Los agentes económicos individuales -de cualquiera dimensión-, han de recuperar sus equilibrios, sin subvenciones ni privilegios. ¿Cuáles agentes? Personas, familias y empresas, instituciones sociales espontáneas (escuelas, clínicas, iglesias, clubes, otras asociaciones privadas incluyendo partidos políticos); y gobiernos, locales y de orden superior. ¿Cuáles equilibrios? Básicamente: entre ingresos y gastos, activos y pasivos.

La llamada “macro” economía es una depravación keynesiana, no es liberal. El liberalismo se funda en una praxeología individualista (Mises), y procede según el individualismo metodológico (Hayek): los comportamientos significativos son de los individuos, no de los colectivos. Implica una premisa filosófica: los entes colectivos no son seres en sentido propio. Las “variables agregadas” son meros ejercicios de estadística descriptiva, y muy defectuosos. Sus supuestas correlaciones causales -tomados como fundamento de las “políticas económicas”-, son muy discutibles.

VIII. No hay sustituto para la salida liberal. Ni para el mensaje liberal, que debe llegar a su destino propio. Todos los supuestos sustitutos se ensayaron y fracasaron, demostrando ser inestables e inviables. La salida liberal es la única viable, y es urgente para los pobres, y para los empobrecidos por el estatismo en cualquiera de sus modalidades. Pero se requiere una intensa labor de clarificación ideológica. Poner la doctrina primero. Y difundir el mensaje liberal sin quites ni agregados, sin distorsiones ni falsificaciones. Completo; incluyendo sus aspectos filosóficos: la tolerancia es liberal, pero no el relativismo, ni el “pragmatismo” (oportunismo). Como finamente lo enseñó Ayn Rand, el capitalismo liberal no es compatible con cualquier filosofía.

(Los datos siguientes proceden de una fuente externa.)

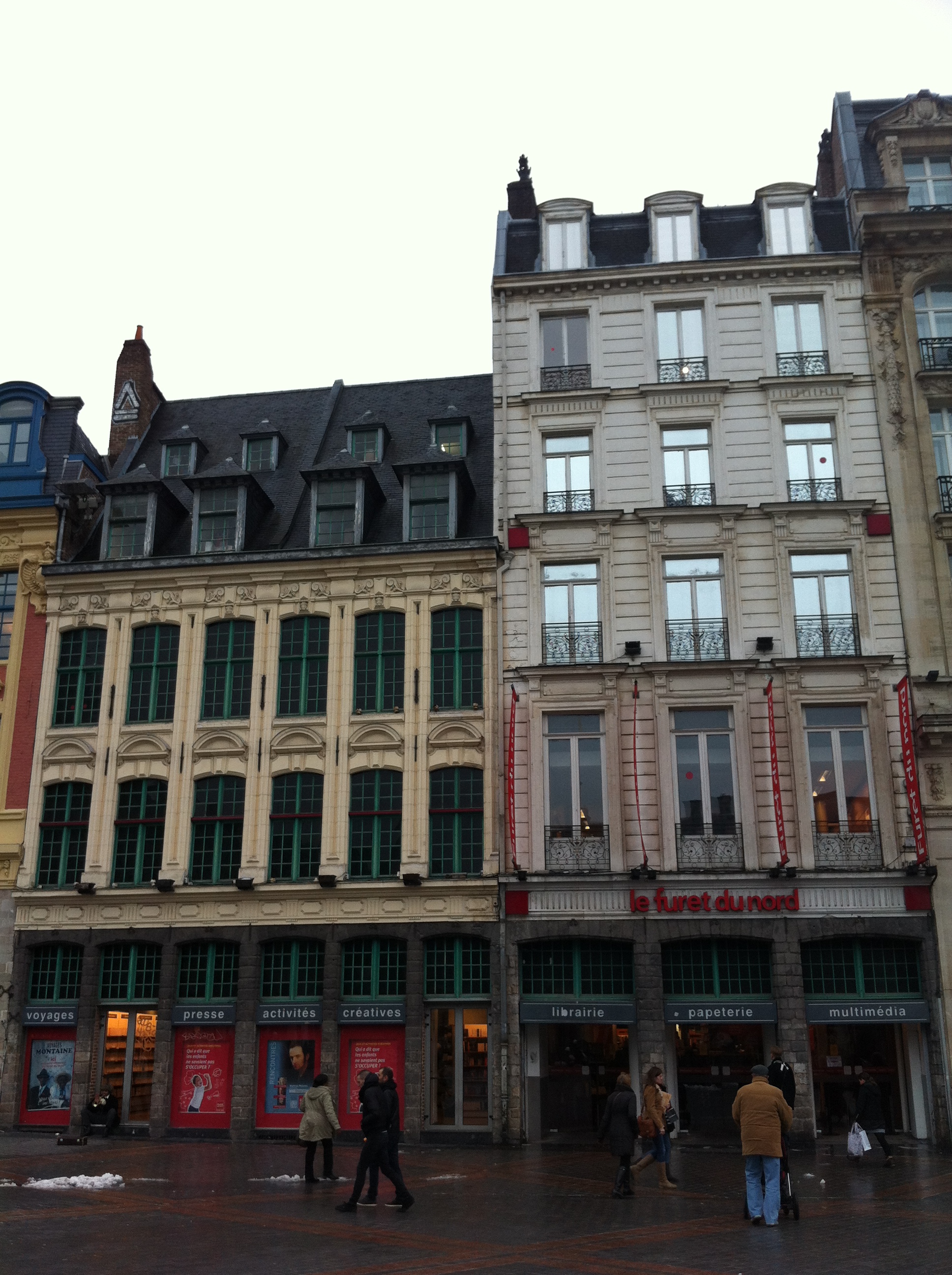 Le Furet du Nord, een van de grootste boekwinkels van Europa, huist achter twee zeventiende eeuwse gevels aan Grand Place in Lille.

Ni hay sustituto para la fuerza política que impulse la salida. Como es muy natural y lógico, los partidos populistas y estatistas han demostrado ser absolutamente incapaces de impulsar la salida liberal. No hay sustituto del partido liberal, que se construye a medida que el mensaje va llegando a su destino -los pobres y la clase media- con los propios interesados, sin intermediaciones. A este fin, la organización celular es la más efectiva y conforme al orden voluntario, como demuestran las iglesias primitivas, los partidos comunistas (en la oposición), Alcoholicos Anónimos, y las organizaciones de ventas multinivel para productos franquiciados.Muchas raíces del capitalismo son cristianas; y no todas las religiones son enemigas de la razón. El sitio de nosotros los cristianos en el partido liberal es adentro, no afuera, menos en contra. Para ubicarlo basta con aclarar algunos malentendidos y confusiones sobre la Biblia, documento que contiene la más antigua formulación escrita del mensaje liberal. Sólo hay que mostrarlo.

Por Jose Luis Tapia, Director de ILE.